Focus on high paying graduate jobs
The College Scoreboard treats college education in purely economic terms: its sole concern is return on investment, understood as the relationship between the monetary costs of college and the increase in earnings that a degree will ultimately provide.
Those are, of course, legitimate considerations: college costs eat up an increasing percentage of familial income or entail the student taking on debt; and making a living is among the most important tasks in life. But it is not the only task in life, and it is an impoverished conception of college education that regards it purely in terms of its ability to enhance earnings. Yet that is the ideal of education that the College Scorecard embodies and encourages, as do similar metrics. If we distinguish training, which is oriented to production and survival, from education, which is oriented to making survival meaningful, then the College Scorecard is only about the former.
The hazard of metrics so purely focused on monetary return on investment is that like so many metrics, they influence behaviour. Already, universities at the very top of the rankings send a huge portion of their graduates into investment banking, consulting, and high-end law firms-all highly lucrative pursuits.
These are honourable professions, but is it really in the best interests of the nation to encourage the best and the brightest to choose these careers? One predictable effect of the weight attributed to future income in college rankings will be to incentivise institutions to channel their students into the most high-paying fields. Those whose graduates go on to careers in less remunerative fields, such as teaching or public service, will be penalised.
A capitalist society depends for its flourishing on a variety of institutions that provide a counterweight to the market, with its focus on monetary gain. To prepare pupils and university students for their roles as citizens, as friends, as spouses, and above all to equip them for a life of intellectual richness-those are among the proper roles of college. Conveying marketable skills is a proper role as well. But to subordinate higher education entirely to the capacity for future earnings is to measure with a very crooked yardstick.
How Metrics have effected Schooling:
Test result pressures
Under NCLB, scores on standardised tests are the numerical metric by which success and failure are judged. And the stakes are high for teachers and principals, whose raises in salary and whose very jobs sometimes depend on this performance indicator.
It is the emphasis placed on these tests as the major criterion for evaluating schools that creates perverse incentives, including focusing on the tests themselves at the expense of the broader goals of the institution.
High-stakes testing leads to other dysfunctions as well, such as creaming: studies of schools in Texas and in Florida showed that average achievement levels were increased by reclassifying weaker students as disabled, thus removing them from the assessment pool.” Or out and out cheating, as teachers alter student answers, or toss out tests by students likely to be low scorers, these phenomena are well documented in Atlanta, Chicago, Cleveland, Dallas, Houston, Washington, D.C., and other cities. Or mayors and governors moving the goalposts by diminishing the difficulty of tests or lowering the grades required to pass them, in order to raise the pass rate and thus demonstrate the success of their educational reforms.

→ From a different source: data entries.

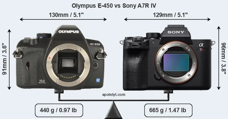 An illustration of the physical size and weight of the Olympus E-450 and the Sony A7R IV is provided in the side-by-side display below. The two cameras are presented according to their relative size. Three successive views from the front, the top, and the rear are shown. All width, height and depth dimensions are rounded to the nearest millimeter.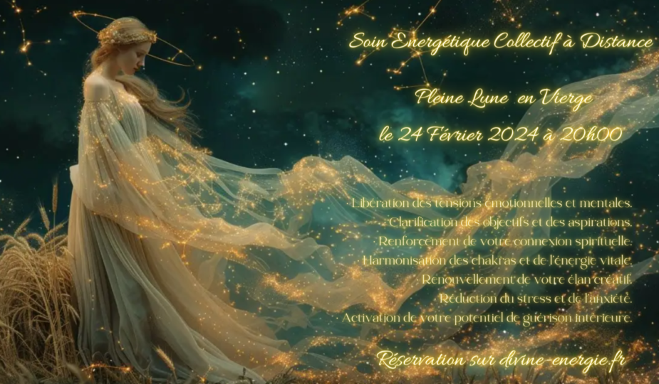 🌟 Comment participer : Inscrivez-vous sur https://calendly.com/divine-energie/soin-pleine-lune . Vous n’avez pas besoin d’être disponible à 20h le 24 février. Le soin est programmé pour être efficace indépendamment de votre présence physique. Vous recevrez les bienfaits à un niveau énergétique, où que vous soyez.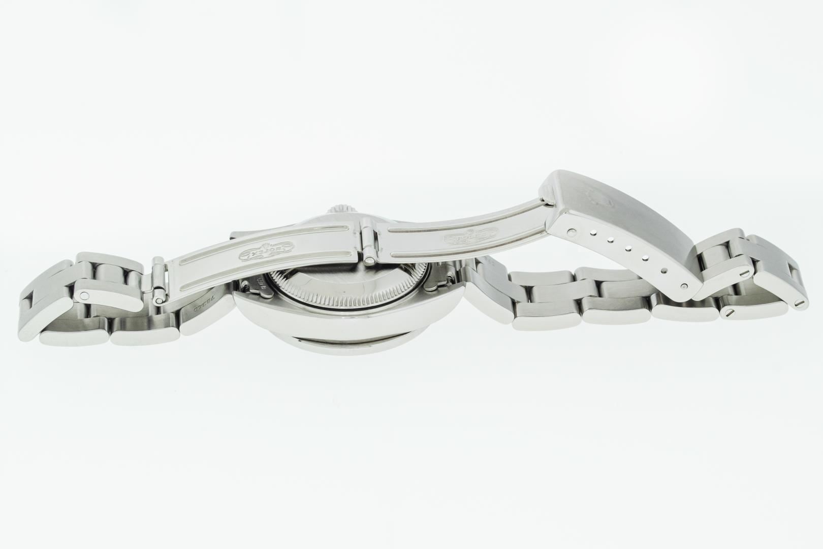 One Ladies Pre Owned Quickset Stainless Steel Rolex Datejust Polished Bright with Satin Finish, Serviced & Electronically Tested, Stainless Steel Case: 26mm, Rolex Stainless Steel Crown, Custom Bezel: New Stainless Steel Bead Set Diamond Bezel, Diamond Count: 40 Diamonds, Clarity: SI-VS, Color: G to H. Custom Crystal: New Sapphire With Magnified Date Window. Custom Hands: New Luminescent Hands. Rolex Movement: Automatic Winding Movement 2235. Rolex Dial: Black With Index Hour Markers & Dash Track. Date Window: 3 O'Clock Position Date Display, Model: Quickset Datejust. Condition: G-6 Extra Fine. Rolex Bracelet: Stainless Steel Oyster Band. Bright Polish & Satin Finish. 6.0 Inch Length, Adjustable. Standard Clasp, With Rolex Logo. This Watch Has Been Serviced Time Tested And Is In Excellent Condition It Is Free Of All Scratches And Dents.
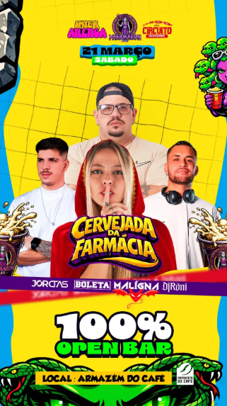 Vem aí a Cervejada da Farmácia, aquele evento que já nasce histórico e promete ser simplesmente insano! Open bar liberado pra galera curtir sem limites, muita música boa e energia lá em cima do começo ao fim.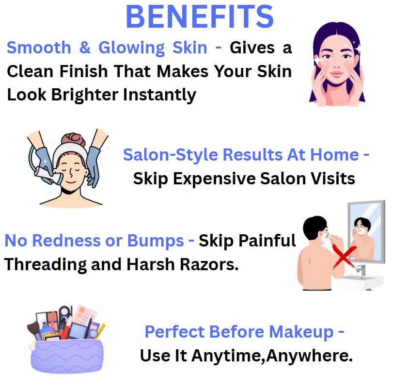 Removes upper-lip hair, peach fuzz and fine facial hair In seconds- leaving your skin looking better, cleaner and makeup ready.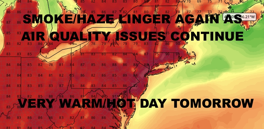 Look for more air quality issues today and tomorrow, with highs today pretty much where they’re at. 80-85 will be it, with cooler conditions along the immediate shore.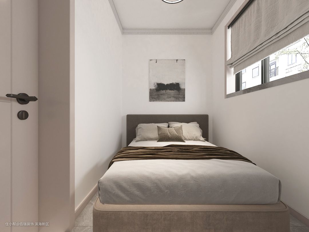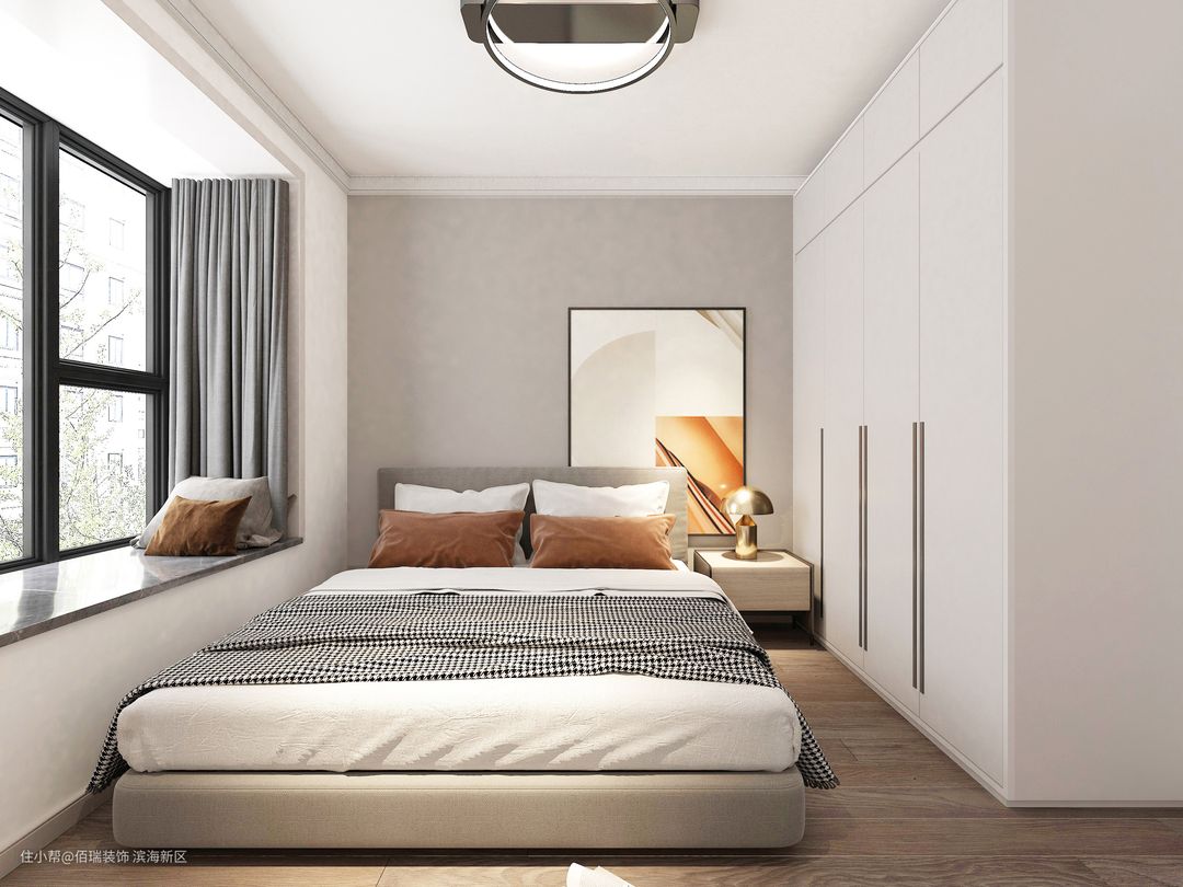 主卧空间不大,但是十分有个性,大飘窗让主卧显得更加亮堂,色彩上用了一些简洁的颜色白色,灰色。

Metrics often miss the behavioural goals of schooling
Of course, the scores on English and math achievement tests cannot measure the full benefits of K-12 education. That is not because the NAEP scores are distorted or insignificant. They do provide a useful measure of student knowledge of the subjects tested. But there is much more to school than the learning of English and mathematics: not only other academic subjects but also the stimulation of interest in the world, and the cultivation of habits of behaviour (self-control, perseverance, ability to cooperate with others) that increase the likelihood of success in the adult world. Development of these non-cognitive qualities may well be going on in classrooms and schools without being reflected in performance metrics based on test scores.

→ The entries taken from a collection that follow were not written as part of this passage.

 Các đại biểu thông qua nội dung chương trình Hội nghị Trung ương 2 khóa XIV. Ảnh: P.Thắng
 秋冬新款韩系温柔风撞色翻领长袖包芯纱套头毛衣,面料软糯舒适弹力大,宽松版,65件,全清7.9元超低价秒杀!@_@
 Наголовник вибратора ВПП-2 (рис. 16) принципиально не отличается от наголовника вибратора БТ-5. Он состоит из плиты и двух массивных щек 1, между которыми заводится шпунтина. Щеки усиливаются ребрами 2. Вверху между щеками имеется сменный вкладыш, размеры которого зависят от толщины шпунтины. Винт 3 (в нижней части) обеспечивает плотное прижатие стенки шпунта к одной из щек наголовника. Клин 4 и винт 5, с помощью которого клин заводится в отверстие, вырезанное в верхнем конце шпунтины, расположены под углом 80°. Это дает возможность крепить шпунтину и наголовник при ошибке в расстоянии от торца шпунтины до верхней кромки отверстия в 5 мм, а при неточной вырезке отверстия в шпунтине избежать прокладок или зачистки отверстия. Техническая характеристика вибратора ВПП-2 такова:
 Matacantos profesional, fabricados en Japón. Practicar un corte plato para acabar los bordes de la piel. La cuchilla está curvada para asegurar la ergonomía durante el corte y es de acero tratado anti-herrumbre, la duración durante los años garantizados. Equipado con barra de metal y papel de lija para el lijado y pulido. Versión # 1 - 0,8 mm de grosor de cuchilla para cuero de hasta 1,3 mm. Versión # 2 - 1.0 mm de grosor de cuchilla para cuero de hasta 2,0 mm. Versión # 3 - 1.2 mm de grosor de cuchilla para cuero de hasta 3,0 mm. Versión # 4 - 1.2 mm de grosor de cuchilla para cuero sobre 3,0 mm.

How Metrics have effected medicine:
Hospital readmissions have indeed declined, a much touted success for performance metrics. But how much of that success is real? The falling rate of reported readmissions was due in part to gaming the system: instead of formally admitting returning patients, hospitals placed them on “observation status,” under which the patient stays in the hospital for a period of time (up to several days), and is billed for outpatient services rather than an inpatient “admission
This internal use of metrics of performance is of great value in helping hospitals and other medical institutions to enhance the safety and efficacy of their medical care. But metrics tend to be most successful for those interventions and outcomes that are almost entirely controlled by and within the organisation’s medical system, as in the case of checklists of procedures to minimise central line-induced infections.
When the outcomes are dependent upon more wide-ranging factors (such as patient behaviour outside the doctor’s office and the hospital), they become more difficult to attribute to the efforts or failures of the medical system.

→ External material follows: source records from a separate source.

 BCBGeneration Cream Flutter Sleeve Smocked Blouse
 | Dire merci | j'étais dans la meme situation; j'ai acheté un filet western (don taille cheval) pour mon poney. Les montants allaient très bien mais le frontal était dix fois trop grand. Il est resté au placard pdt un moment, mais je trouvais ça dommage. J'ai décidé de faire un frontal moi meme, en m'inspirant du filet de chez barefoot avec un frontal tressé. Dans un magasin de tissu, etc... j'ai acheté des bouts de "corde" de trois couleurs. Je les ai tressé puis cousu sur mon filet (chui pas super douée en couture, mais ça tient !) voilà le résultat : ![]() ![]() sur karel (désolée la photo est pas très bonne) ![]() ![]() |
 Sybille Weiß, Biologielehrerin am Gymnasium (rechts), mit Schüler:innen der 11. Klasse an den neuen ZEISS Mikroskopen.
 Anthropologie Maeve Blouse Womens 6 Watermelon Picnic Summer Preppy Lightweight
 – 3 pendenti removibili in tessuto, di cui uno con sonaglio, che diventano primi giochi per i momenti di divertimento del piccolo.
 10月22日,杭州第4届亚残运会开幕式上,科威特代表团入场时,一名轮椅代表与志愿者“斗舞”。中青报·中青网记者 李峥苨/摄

How Metrics have effected Policing:
When the public and its politicians think of public safety, they think of the police, who are held responsible for the level of crime. However, like health and its relationship to the medical system, or education and its relationship to the school system, public safety is only partially dependent on the effectiveness of the police. It depends in part on other elements of the justice system: on the public prosecutors, the judiciary, and the penal and parole systems. It depends in good part on the propensity of the local population to engage in criminal activity, and that in turn depends on broader economic, ethnic, and cultural factors. And public safety also depends on the ease of committing crime.
Some of the decline in crime in recent decades is a product of private actions by property owners. The opportunity for car theft, burglary, and other crimes has been radically reduced by defensive measures undertaken by millions of private individuals, whose acquisition of improved car alarms and home alarms has made these crimes more difficult.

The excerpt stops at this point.